The U.S. Department of Justice had filed an emergency appeal with the Ninth Circuit on behalf of the Pentagon after U.S. District Judge Virginia Phillips ruled Oct. 12 that the law is unconstitutional and enforcement of it must cease.
"The order is stayed temporarily in order to provide this court with an opportunity to consider fully the issues presented," a three-judge panel stated late Wednesday, adding that both sides have until Oct. 25 to file additional paperwork.
Richard Land, president of the Southern Baptist Ethics & Religious Liberty Commission, noted that the Ninth Circuit is the most liberal appeals court in the country, yet the judges ruled against the immediate suspension of Don't Ask, Don't Tell.
"This shows that even the Ninth Circuit has rational moments when it comes to judicial hubris and imperialism, and they have wisely stayed this dangerous and rash decision until they have time to adjudicate it and come to a decision," Land told Baptist Press. "So the military has a temporary respite from the judicial attempts at social engineering with our nation's military.
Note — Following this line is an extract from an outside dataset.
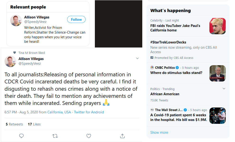 Twitter, social media, incarceration, prison, jail, death, Covid, reporting, news coverage

We should all be grateful."
In earlier comments to Baptist Press, Land said Don't Ask, Don't Tell has worked, "and we don't need to be experimenting with our armed forces when we're involved in two wars."
In a news release Oct. 21, the Defense Department said it supports the appeals court decision and wants time for a deliberative long-range look at any changes in Don't Ask, Don't Tell.
"For the reasons stated in the government's submission, we believe a stay is appropriate," Pentagon spokeswoman Cynthia Smith said.